→ **Directions**
After locating the line with "Based on the" in the entries below, output it and each following line up to and including the line with "Narzuta na łóżko", exactly and without pictures.

→ **Data to examine**
------
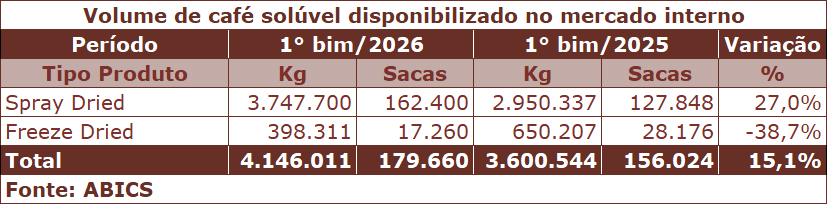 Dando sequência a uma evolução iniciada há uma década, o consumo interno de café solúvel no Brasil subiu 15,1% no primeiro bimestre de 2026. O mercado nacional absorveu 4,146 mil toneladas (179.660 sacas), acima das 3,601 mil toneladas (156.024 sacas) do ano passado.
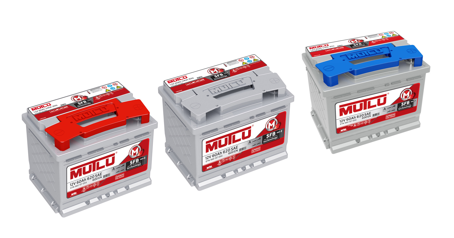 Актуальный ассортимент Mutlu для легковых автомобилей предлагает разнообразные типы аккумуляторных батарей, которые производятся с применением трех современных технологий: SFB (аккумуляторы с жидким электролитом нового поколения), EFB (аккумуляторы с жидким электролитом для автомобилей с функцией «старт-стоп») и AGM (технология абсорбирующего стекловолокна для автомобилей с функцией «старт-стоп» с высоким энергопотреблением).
------
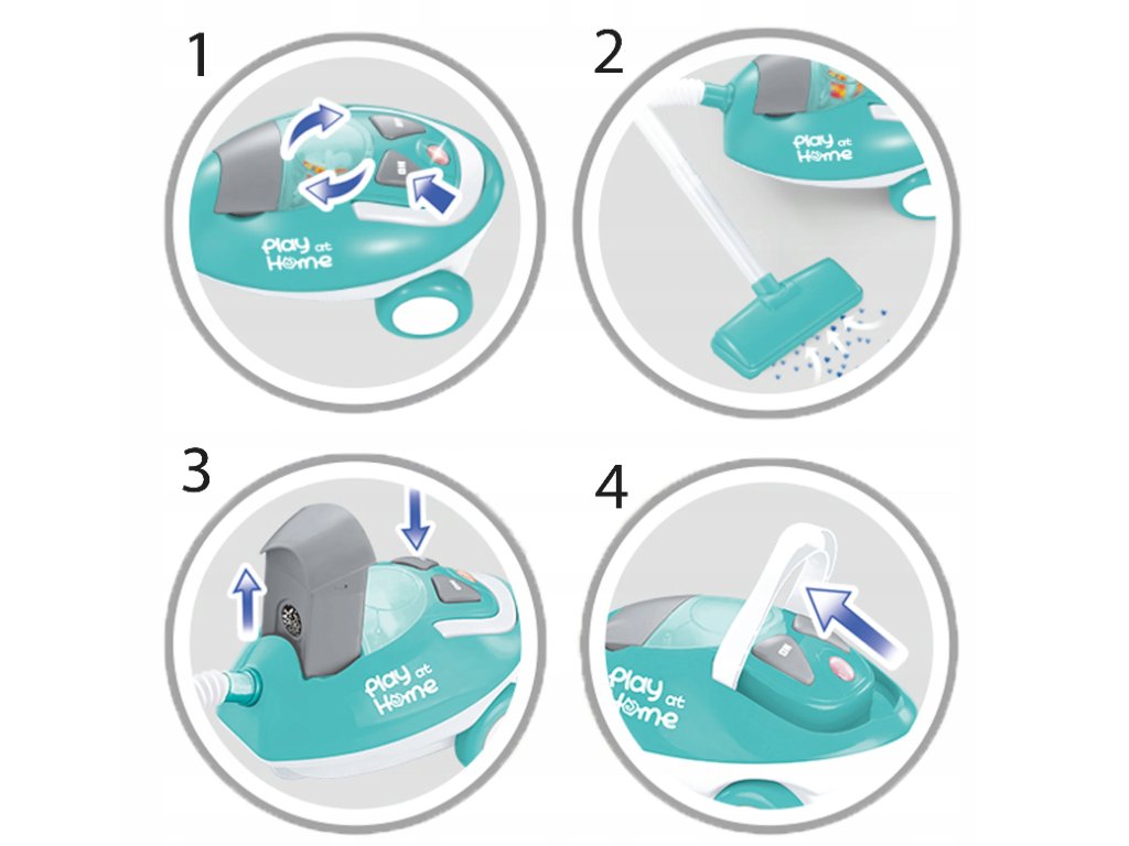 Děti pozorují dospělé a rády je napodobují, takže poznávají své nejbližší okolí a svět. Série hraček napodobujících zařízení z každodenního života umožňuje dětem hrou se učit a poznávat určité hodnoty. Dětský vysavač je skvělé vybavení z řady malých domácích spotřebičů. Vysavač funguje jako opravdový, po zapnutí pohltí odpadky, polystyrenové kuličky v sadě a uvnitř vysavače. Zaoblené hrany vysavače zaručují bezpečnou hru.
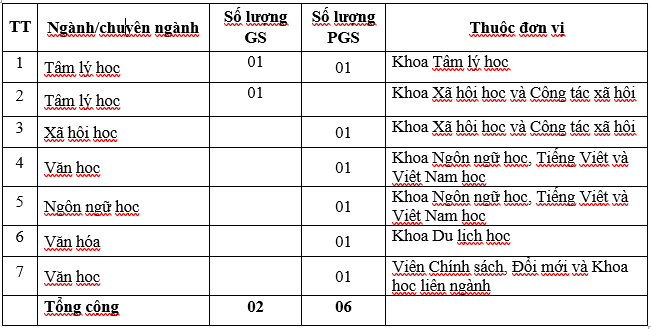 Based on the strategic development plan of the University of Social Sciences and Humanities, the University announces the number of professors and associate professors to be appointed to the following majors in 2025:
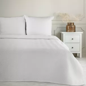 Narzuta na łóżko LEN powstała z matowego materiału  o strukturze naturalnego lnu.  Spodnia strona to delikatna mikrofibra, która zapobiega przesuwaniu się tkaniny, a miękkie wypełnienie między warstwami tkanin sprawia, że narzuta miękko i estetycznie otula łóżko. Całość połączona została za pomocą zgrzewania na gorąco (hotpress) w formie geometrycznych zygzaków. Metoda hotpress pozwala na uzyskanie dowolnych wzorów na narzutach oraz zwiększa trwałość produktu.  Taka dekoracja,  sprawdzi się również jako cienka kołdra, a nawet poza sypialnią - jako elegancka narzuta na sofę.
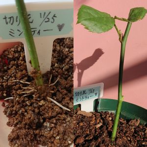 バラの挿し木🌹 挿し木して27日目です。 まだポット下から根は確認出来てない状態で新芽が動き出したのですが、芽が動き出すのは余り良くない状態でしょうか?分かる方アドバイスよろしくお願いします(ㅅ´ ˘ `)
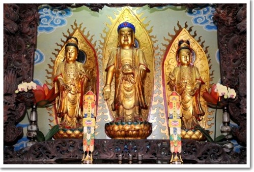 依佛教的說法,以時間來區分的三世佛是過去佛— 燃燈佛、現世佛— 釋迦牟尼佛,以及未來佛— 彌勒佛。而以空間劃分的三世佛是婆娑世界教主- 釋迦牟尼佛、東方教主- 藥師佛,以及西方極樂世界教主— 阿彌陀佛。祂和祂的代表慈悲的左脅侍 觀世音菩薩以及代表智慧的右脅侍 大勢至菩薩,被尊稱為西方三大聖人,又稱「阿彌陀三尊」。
------
→ **Result**
 Based on the strategic development plan of the University of Social Sciences and Humanities, the University announces the number of professors and associate professors to be appointed to the following majors in 2025:
 Narzuta na łóżko LEN powstała z matowego materiału  o strukturze naturalnego lnu.  Spodnia strona to delikatna mikrofibra, która zapobiega przesuwaniu się tkaniny, a miękkie wypełnienie między warstwami tkanin sprawia, że narzuta miękko i estetycznie otula łóżko. Całość połączona została za pomocą zgrzewania na gorąco (hotpress) w formie geometrycznych zygzaków. Metoda hotpress pozwala na uzyskanie dowolnych wzorów na narzutach oraz zwiększa trwałość produktu.  Taka dekoracja,  sprawdzi się również jako cienka kołdra, a nawet poza sypialnią - jako elegancka narzuta na sofę.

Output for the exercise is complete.